ATI ZAIDIAH
The purpose of this project is: to predict the weight of the fish by comparing the data on the length, width and height of the fish
Data understanding: The dataset used is data taken from the dataset on kaggle.com,. is data from 7 different common fish species in fish market sales. With this dataset, it is possible to predict fish weight using linear regression. The data consists of 159 records and 7 columns. The dependent variable is the weight of the fish while the independent variables are length1, length2, length3, height and width
Data Structure:
Species, weight, lenght1, lenght2, lenght3, height, width
The dataset used is as shown in Figure 1 below:
Figure 1. Fish species dataset (source kaggle.com)
DATA VISUALIZATION
Visualization was carried out to compare the weight of the fish with lenght1, lenght2, lenght3, height and width.
Data visualization was previously used using MS. Excel, where the data to be compared are:
The following is a scatter graph (Figure 2) which illustrates the visualization of the 5 comparisons above
Figure 2. Graphics visualization
From Figure 2 above, it can be assumed that the relationship between fish weight and length1, length2, length3, height and width all have a high positive correlation, because the higher the value of length1, length2, length3, height and width, the higher the fish's weight will be.
To see whether the data visualization is consistent or not, normalization is carried out on the data by dividing the value of each variable by its maximum value. Here is presented one of the data visualization that has been normalized.
Figure 3. Data Visualization after normalization
From Figure 3 above, it can be concluded that the data before and after normalization produce almost the same image so that it can be said that the visualization results are consistent.
After visualizing the data using a scatter graph, the next step is to perform calculations using a data analyst using excel.

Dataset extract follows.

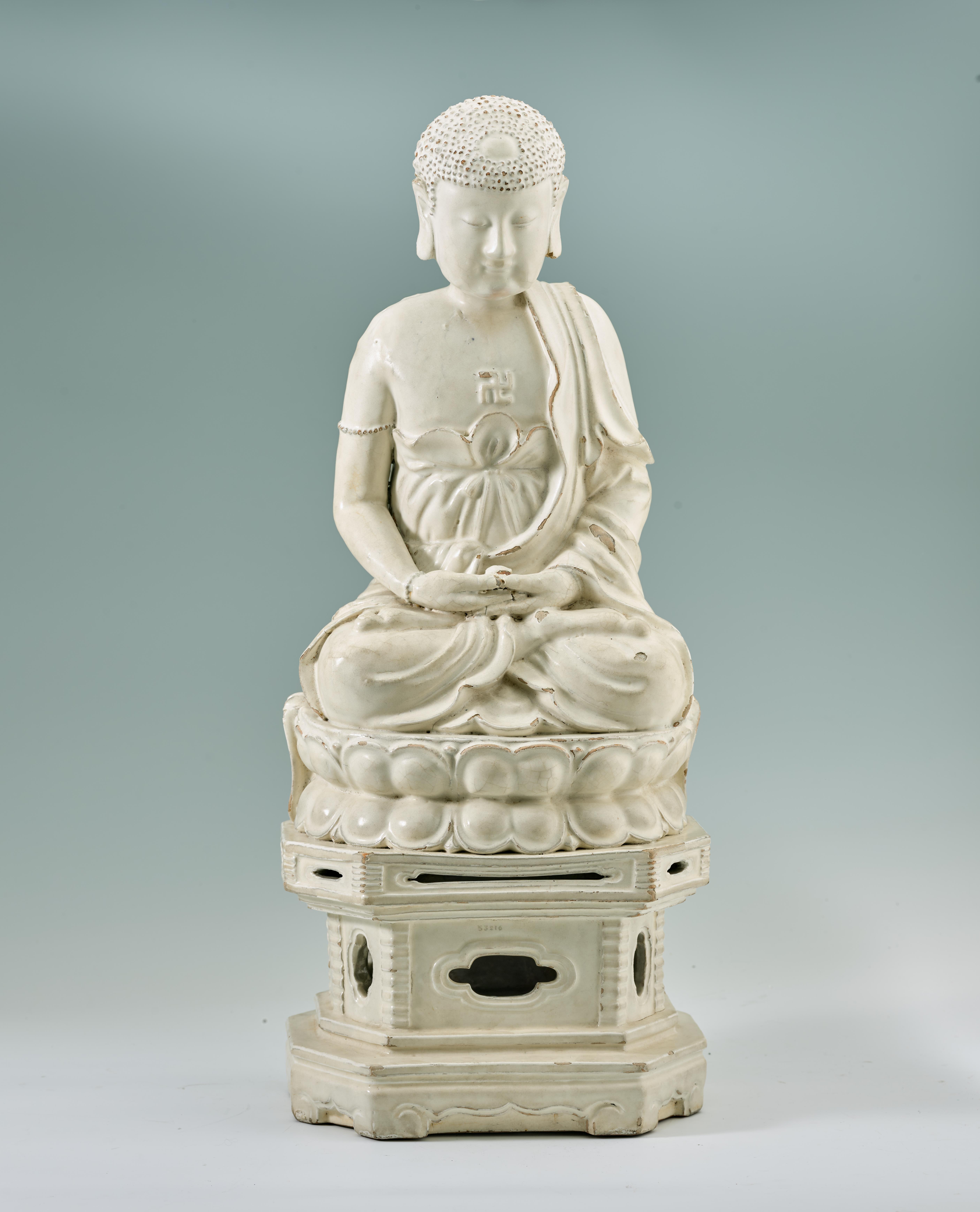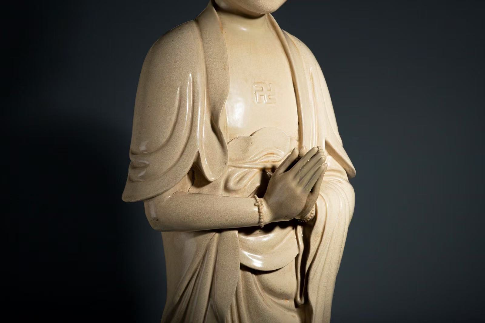 上海博物館有一尊漳州窯白釉佛像明代,高 63.5 cm。白釉略帶米色,光澤柔和;雲紋台座;底部同樣見麻布紋與通氣孔。

The following are the results of the calculation of data analysis using linear regression, namely by doing a correlation between the dependent variable and the independent variable.
Figure 4. Correlation between weight and length1
From the picture above, it can be concluded that the results of the correlation analysis between weight and length1 have a high positive correlation, indicated by the correlation value above 0.9
Figure 5. Correlation between weight and length2
From the picture above, it can be concluded that the results of the correlation analysis between weight and length2 have a high positive correlation, indicated by the correlation value above 0.9
Figure 6. Correlation between weight and length3
From the picture above, it can be concluded that the results of the correlation analysis between weight and length3 have a high positive correlation, indicated by the correlation value above 0.9
Figure 7. Correlation between weight and height
From the picture above it can be concluded that the results of the correlation analysis between weight and height have a fairly high positive correlation, this is indicated by the correlation value above approaching the number 0.9
Figure 8. Correlation between weight and width
From the picture above it can be concluded that the results of the correlation analysis between weight and height have a fairly high positive correlation, this is indicated by the correlation value above approaching the number 0.9
Conclusion
The conclusion from the analysis that has been done is that all independent variables have a positive correlation where the one with the highest positive correlation is weight with length2, which is 0.92 while the smallest positive correlation is weight with height, which is 0.72.